Microscopically the initial change is an interstitial alveolar infiltrate with lymphocytes, followed by protrusion of the alveolar wall in a polypoidal manner into the alveolar lumen. This protrusion is covered with hypertrophied alveolar epithelial cells and its core consists at first of a mixoid type of connective tissue which stains positively with PAS and Congo Red. As the stroma matures it is converted into hyaline fibrous tissue. Embedded in this hyaline fibrous tissue are large malignant-appearing cells with large round to oval grainy nuclei, often prominent nucleoli, and abundant homogeneous cytoplasm. Eventually the whole alveolus is obliterated. The same tissue that obliterates the alveoli may spread into and along the small bronchi and bronchioles and also fills small branches of the pulmonary arteries and veins.7 Thus multiple non-encapsulated parenchymal nodules are seen exhibiting a zonal architecture. There have been reports of nodules with calcification, chondrification, or even ossification, but this occurs in less than 10% of cases.3
Weiss et al 8 first used the term EHE. It is now well recognised that the IVBAT is an EHE occurring in the lung which may also occur in the soft tissues, bone, and liver.

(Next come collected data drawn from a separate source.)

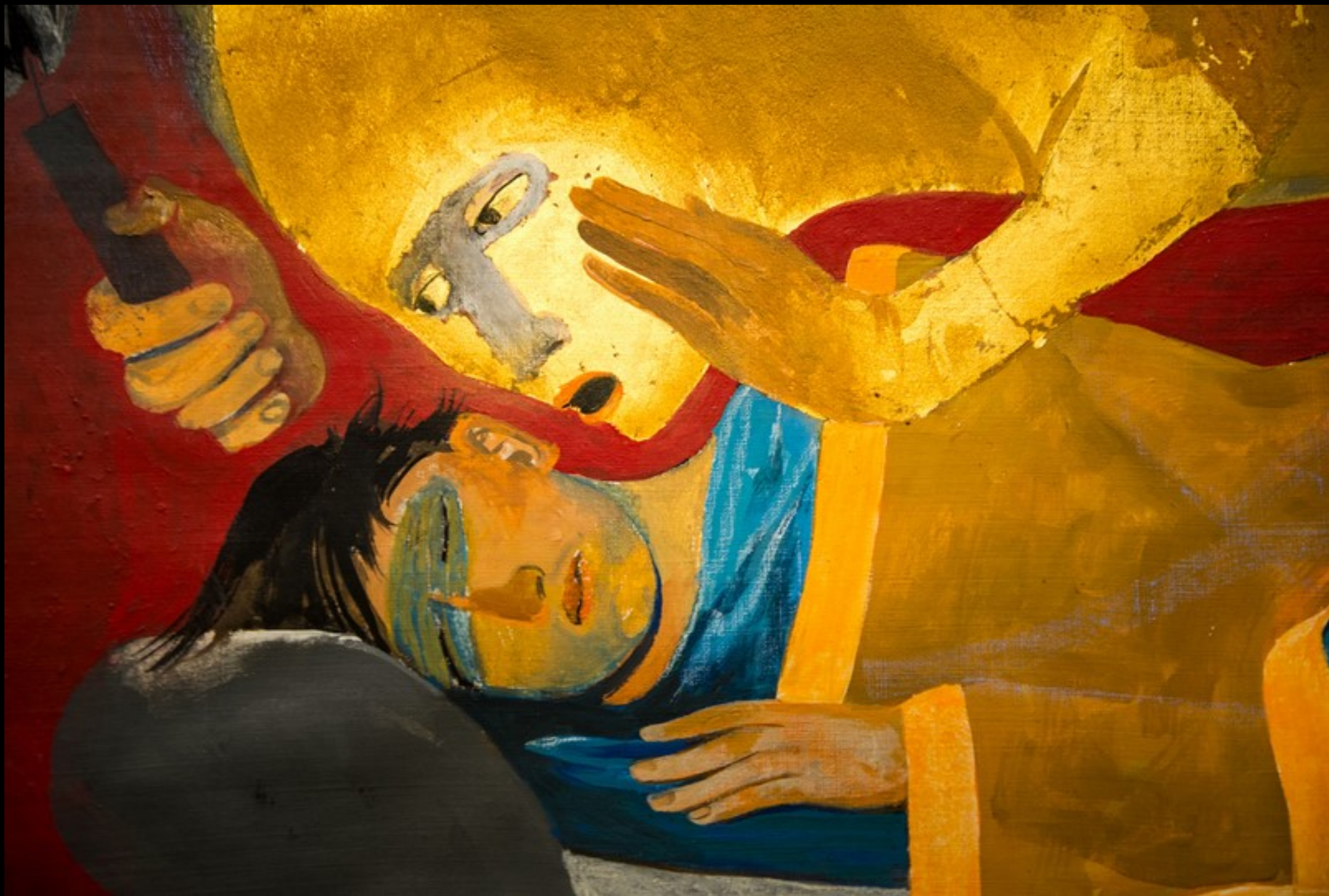
The Angel of the Lord Speaks to Joseph in a Dream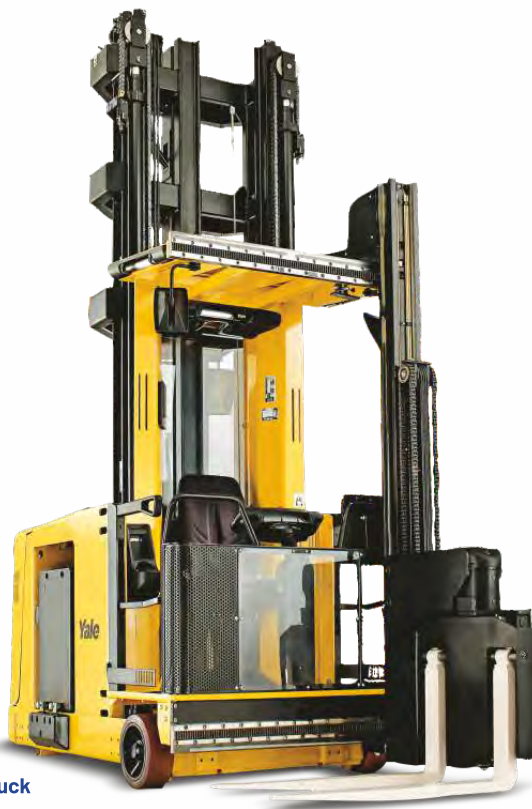
Man-Up Turret Truck MTC10-15L 1,000 - 1,500kg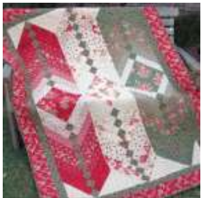
A New Twist-Layer Cake French Braid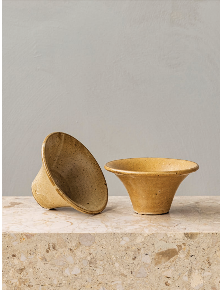
TRIPTYCH BOWL Designed by Mentze Ottenstein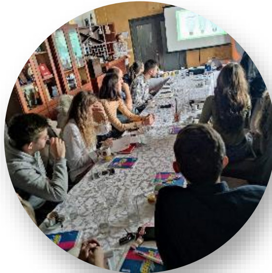
Educational materials on air quality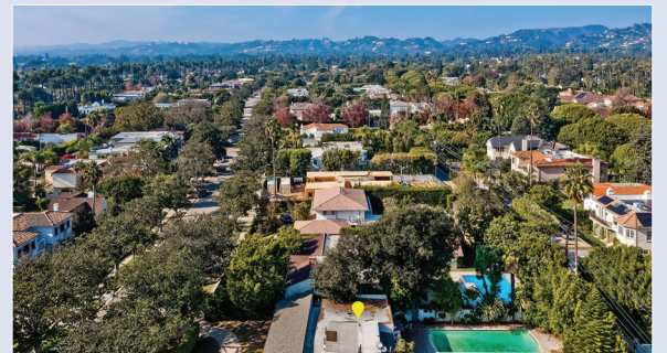
514 N Camden Dr $6,995,000 3 Beds/3 Baths 2,639 Sq. Ft., 12,859 Sq. Ft. Lot

Seize this rare opportunity to create your dream home on one of the most enviable streets in Beverly Hills. The jewel of the crown is the land: a vast 12,859 square foot flat lot with a world of limitless potential. With creativity, vision and the power of artistic architectural imagination, your fantasy of designing and building a state-of-the-art home in the most luxury zip code in America can soon become a reality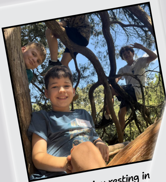
Seniors enjoy resting in a tree.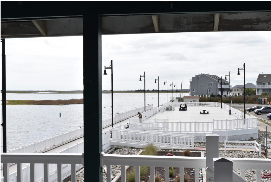
034 | Barnegat Township - Barnegat Township Municipal Dock | S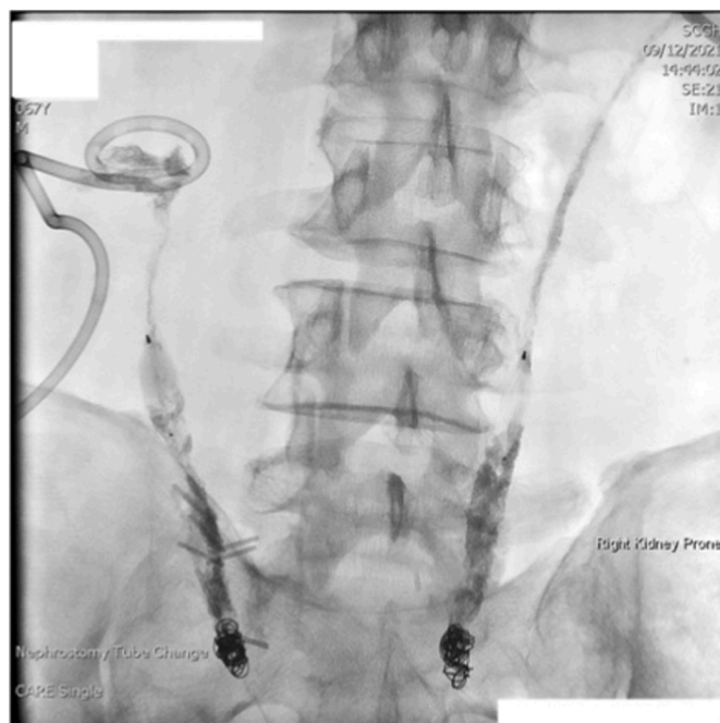
Fig. 3. Final nephrostogram demonstrating no contrast leakage beyond embolisation location.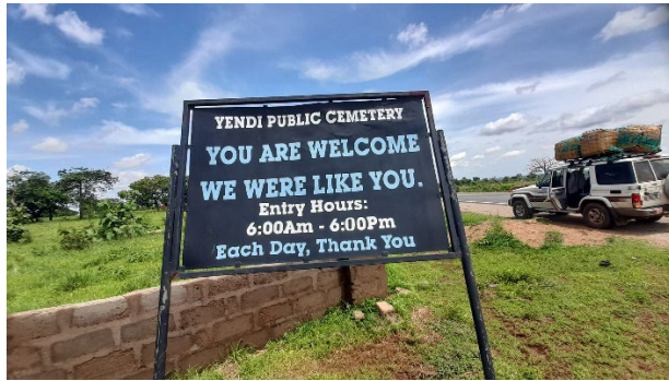
Front view for entry.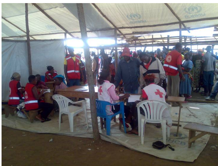
Volunteers of Uganda Red Cross Society register refugees at Matanda transit camp, Kisoro

Summary: As conflict in DRC escalated in November and December 2008, the three National Societies of Uganda, Rwanda and Burundi scaled up their operations in border areas with DRC in response to predicted and actual movement of refugees. Uganda received the highest number of refugees in December and January and played a lead role in receiving, registering and distributing relief items to over 9,000 people. A transit camp was opened to accommodate these refugees in Matanda. Uganda Red Cross Society worked as a partner with other humanitarian actors including United Nations High Commissioner for Refugees (UNHCR) to manage and provide services in transit and permanent refugee camps in Kanungu and Mbarara Districts.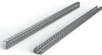
ID-F-NH (for mounting between the frame profiles)

Three quarters of patients with EHE of the lung are women. The age range at presentation is wide (12–61 years), and 40% of patients are below the age of 30. Half the patients are asymptomatic and are discovered on incidental chest radiography. Symptoms are uncommon and are usually mild and include shortness of breath, mild pleuritic chest pain, and non-productive cough, although haemoptysis has been reported. However, hypertrophic pulmonary osteoarthropathy has not been previously reported. The chest radiograph usually reveals multiple bilateral pulmonary nodules and pleural effusions are rarely seen.9 Distant metastases are seen in less than a quarter of cases, the sites involved including the liver, lymph nodes, bowel, retroperitoneal soft tissues, and skin. In most cases the disease has a slowly progressive course and patients die 2–24 years after diagnosis of restrictive lung disease. The shortest survival is eight weeks in a patient who succumbed to gross haemoptysis.10 The longest survivor was treated surgically, undergoing 11 separate resections over 24 years, finally succumbing to pneumonia superimposed on a decreasing respiratory function.11 Other treatments tried have been chemotherapy and radiotherapy with limited success in symptomatic patients near death. Our patient refused the empirical use of oral corticosteroids in an attempt to control potential fibrosis. She was therefore commenced on azathioprine following diagnosis and so far has had no deterioration in pulmonary function. However, at the patient’s request azathioprine was discontinued in October 1995. The patient is now the second longest survivor with this condition. She continues to have mild symptoms from her hypertrophic pulmonary osteoarthropathy but is asymptomatic from the pulmonary point of view and is still able to work as a paediatric nurse.